Schiebevorhänge machen sich immer dann gut, wenn es um den reinen Sichtschutz geht. Sind die Führungen für die Vorhänge einmal montiert, kannst du den Raum damit jederzeit unterteilen. So ist ein Schiebevorhang eine sehr flexible Art, einen bestimmten Bereich kurzfristig abzutrennen. Diese Art von Raumteiler ist besonders geeignet für alle, die einen Raum sowohl zum Wohnen als auch zum Schlafen nutzen oder eine Wohnküche haben und die Küchenzeile nach dem Kochen “verschwinden” lassen wollen.

Paravents als Raumteiler

Unter den Raumteilern sind Paravents die Klassiker. Sie werden auch “spanische Wand” oder Wandschirm genannt. Es sind mobile Wände, die aus einzelnen Elementen bestehen, die mit Scharnieren verbunden sind und an einen Leoporello erinnern. So können sie sehr flexibel aufgestellt werden. Schick und zweckmäßig, werden sie seit mehreren Jahrhunderten auch zur Trennung von Räumen genutzt und haben bis heute nichts an Beliebtheit verloren. Lediglich das Dekor von Paravents hat so manche neue Interpretation erfahren. Heute schmücken vielfach moderne Motive wie Fotodrucke die Raumtrenner. Problematisch kann die hohe Durchlässigkeit eines Paravents als Raumteiler sein.

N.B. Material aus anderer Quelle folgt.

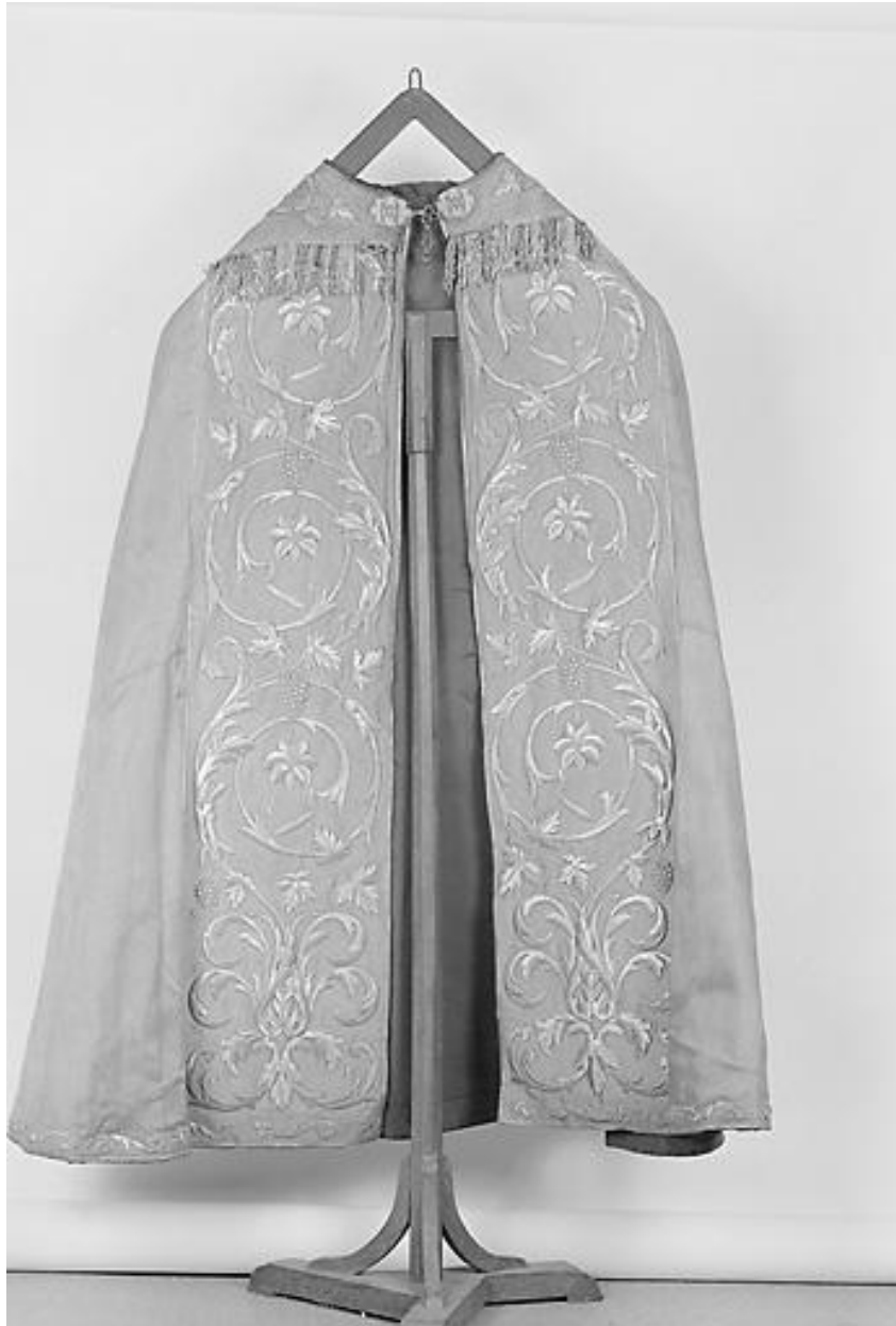
Chape n° 3 : vue de devant d'un élément.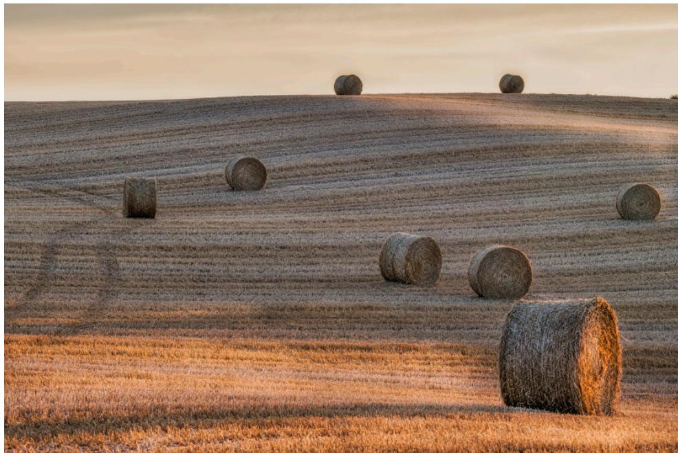
Línies i cercles a la Conca de Barberà. 60 x 40 cm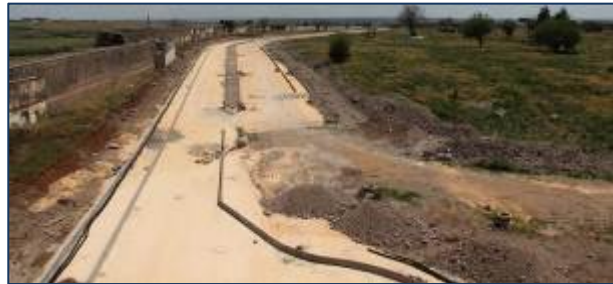
Foto 19: Sur diplerine bırakılan beton bloklar ve yeni yapılan asfalt yol.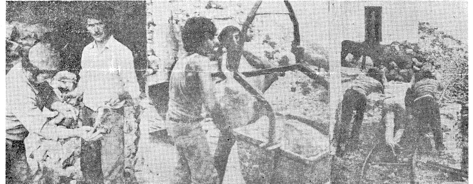
Άπό το φωτογραφικό ρεπορτάζ της ΕΛΕΥΘΕΡΟΥΠΙΑΣ για τα άρχισια της Νάξου.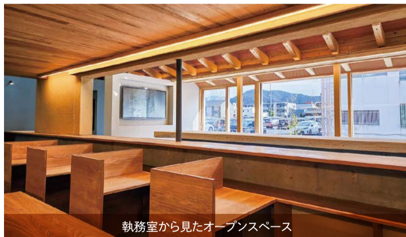
執務室から見たオープンスペース

オープンスペース西側、階段上がり口にはシンボルツリーとなるシマトネリコが植えられています。この階段を上りきりますと、正面には壁一面の窓が。遠くには笠置山、四季折々の花を眺めることができます。

Häufig sind die Modelle nicht besonders breit, reichen nicht bis zur Decke und schlucken dennoch Licht. Zur Herstellung richtiger Privatsphäre eignet sich eine spanische Wand also kaum; für ein schickes Séparée in einem kleinen bis mittelgroßen Raum ist ein Paravent jedoch bestens geeignet.

Regale als Raumteiler: praktisch und ansprechend

Regale sind als Raumteiler sehr beliebt. Sie bieten Platz für Bücher und Dekorationsartikel, lassen Licht durch und trennen den Raum auf ansprechende Weise in zwei Bereiche. Regale sind – wie Schiebevorhänge und Paravents auch – eher symbolische Teiler, die den Raum nicht strikt unterteilen, sondern verschiedene Bereiche abstecken. Auch wenn Regale als Raumteiler keinen umfassenden Sichtschutz bieten, so verhindern sie dennoch manch ungewollte Einblicke in private Bereiche der Wohnung, des Büros oder der Praxis.
 

 

Weitere Ideen für Raumteiler und Raumkonzepte

Raumtrennung kann auch heißen, einen großen Raum in unterschiedliche Funktionsbereiche aufzuteilen. Geschickt platziert, kann selbst eine größere Zimmerpflanze einen sehr subtilen und freundlichen Teiler im Raum darstellen und zum Beispiel den Schlafbereich vom Büro- und Kreativbereich abtrennen. So entstehen verschiedene von einander abgegrenzte Aktivitätsbereiche, die doch miteinander in Einklang bleiben.